Order Conditions by Selectivity
Put the most restrictive conditions first. Polars evaluates conditions left to right, and eliminating rows early reduces work for subsequent conditions:
# Better: rare condition first
df.filter(
(pl.col("premium_tier") == "platinum") & # ~1% of rows
(pl.col("is_active") == True) # ~80% of rows
)
# Worse: common condition first
df.filter(
(pl.col("is_active") == True) & # ~80% of rows
(pl.col("premium_tier") == "platinum") # ~1% of rows
)
Avoid Anti-Patterns
Don’t use Python’s and/or keywords—they don’t work with Polars expressions:
# WRONG: Python keywords
df.filter(pl.col("age") > 30 and pl.col("is_active")) # Raises error
# CORRECT: Bitwise operators with parentheses
df.filter((pl.col("age") > 30) & (pl.col("is_active")))

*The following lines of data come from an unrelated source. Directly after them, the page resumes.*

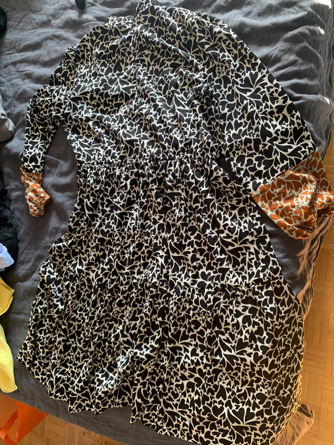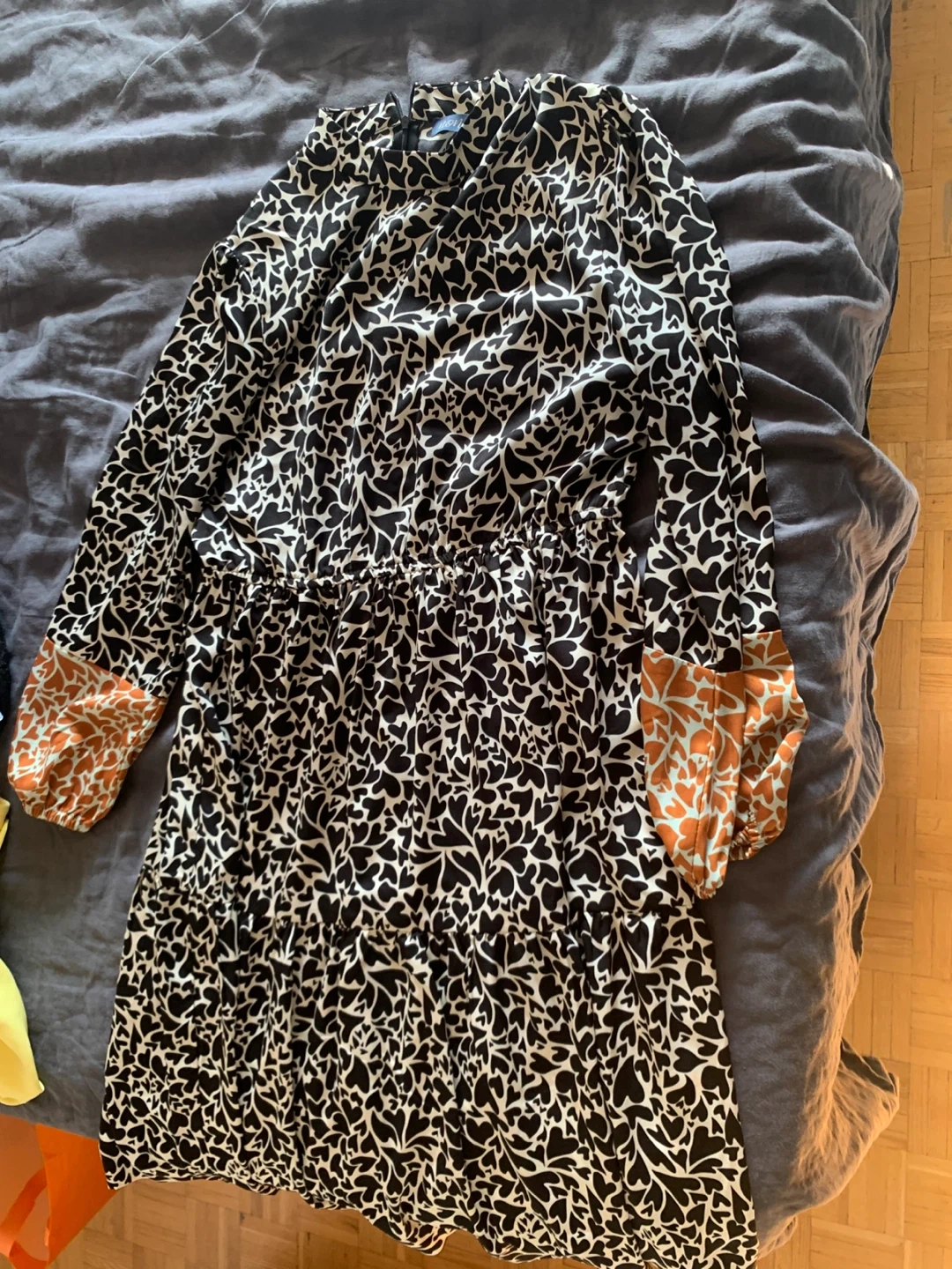 Check out this stylish Noni dress! It features a unique black and white pattern that's sure to turn heads. The dress has long sleeves and a comfortable fit, perfect for any occasion. Made in China
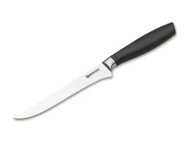 Böker Core Professional AusbeinmesserWas haben Trier, Wiesbaden, Münster und Lüneburg gemeinsam? Neben historischen Stadtkernen, überregionalen Sehenswürdigkeiten und einer langen Tradition als bedeutende Handelsstädte vor allem eines: Sie beherbergen exzellent geführte Stahlwarenhändler, die sich durch ein breites Warenangebot und eine hohe Fach- und Beratungskompetenz seit vielen Jahren einen Namen gemacht haben. Die jahrzehntelange Erfahrung, das ausgezeichnete Know-How und das tagtäglich im Geschäftsalltag bewiesene Gespür für die Anforderungen und Bedürfnisse von koch- und küchenbegeisterten Kunden haben wir uns zunutze gemacht und gemeinsam mit unserer fast 150-jährige Erfahrung als Solinger Messermanufaktur in die Produktentwicklung der Böker Core Professional Serie fließen zu lassen. Entstanden ist ein Produkt, welches sich aufgrund der dynamischen Linienführung, dem hervorragenden Handling und der atemberaubenden Schneidfähigkeiten das Prädikat „Empfohlen von führenden Fachhändlern“ mehr als verdient hat. Der massive Klingenrohling aus der für hochwertige Küchenmesser exzellent geeigneten Chrom-Molybdän-Vanadium- Legierung (X50CrMoV15) wird durch die aufwändige Schmiedung in Solinger Handarbeit zusätzlich im Gefüge optimiert und anschließend auf 58 HRC gehärtet. Für eine längere Standzeit der Klinge und ein noch feineres Schnittbild wird der bei uns übliche traditionelle Handabzug zusätzlich hochglanzpoliert. Der geschmiedete Kropf bietet jederzeit einen sicheren Griff und schützt bei einem Abrutschen vor möglichen Verletzungen. Als besonderes Design-Feature ist der Klingenrücken bei allen Messern dieser Serie sanft abgerundet. So liegt das Messer in jeder Griffposition angenehm in der Hand und verhindert auch bei stärkerem Druck auf den Klingenrücken im Wiegeschnitt ein unangenehmes Druckgefühl in der Hand. Die praktischen und perfekt proportionierten Griffe aus Kunststoff vervollständigen das stimmige Gesamtbild. So sind die Messer im höchsten Maße feuchtigkeitsresistent und können auch in der professionellen Gastronomie bedenkenlos eingesetzt werden. Denn gerade in der Küche hat die Hygiene jederzeit höchste Ansprüche zu erfüllen.Technische DatenGesamtlänge: 29,5 cmKlingenlänge: 16,5 cmKlingenmaterial: X50CrMoV15Griffmaterial: KunststoffVerschluss: Feststehend
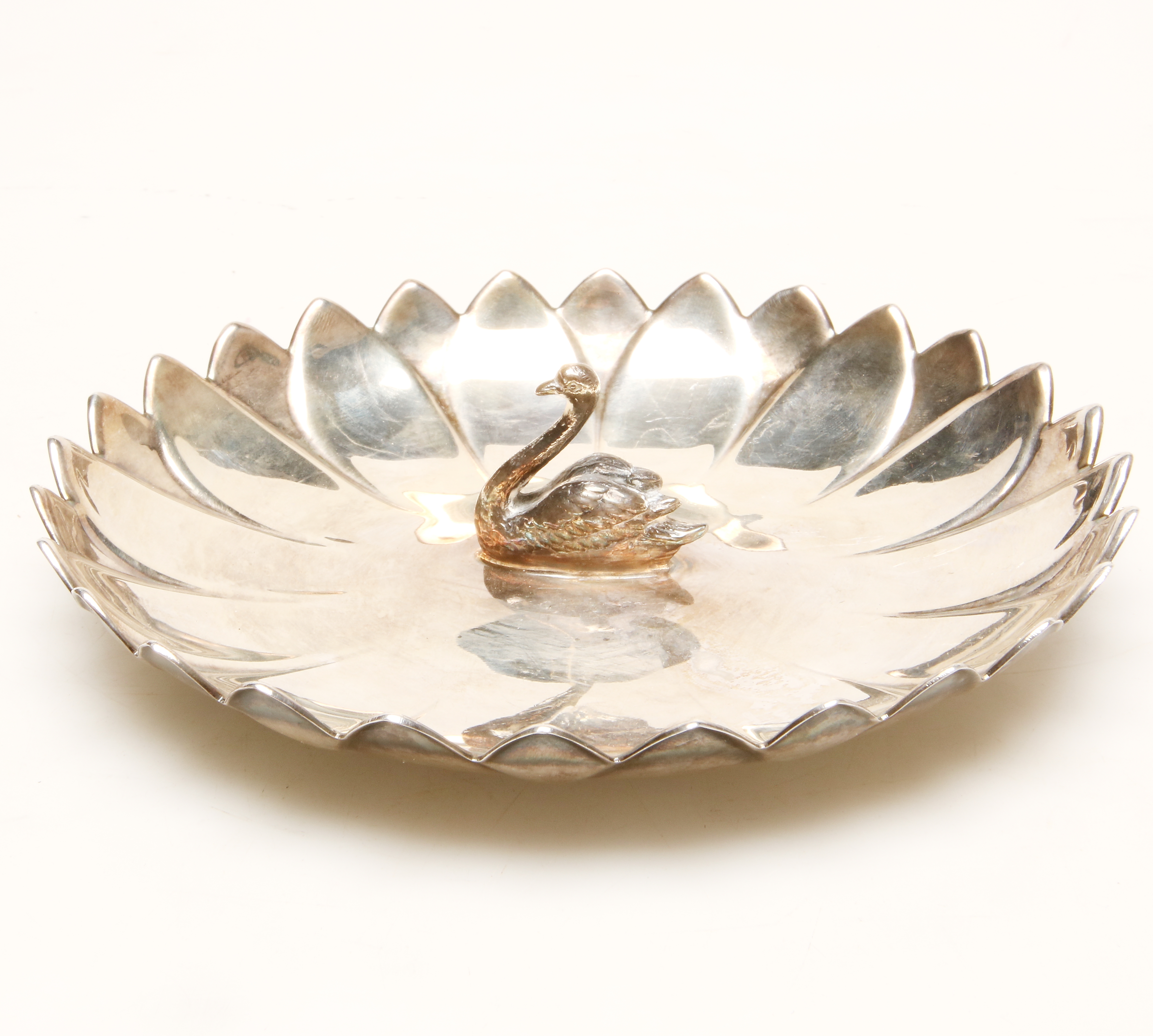 561101. PLATTE mit Schwan, Neusilber, Reed & Barton.

Don’t filter repeatedly when you can combine conditions:
# Inefficient: multiple filter calls
result = df.filter(pl.col("age") > 30)
result = result.filter(pl.col("is_active") == True)
# Efficient: single filter with combined conditions
result = df.filter(
(pl.col("age") > 30) & (pl.col("is_active") == True)
)
Polars’ filtering capabilities strike a balance between expressiveness and performance. Master these patterns, and you’ll write cleaner, faster data processing code.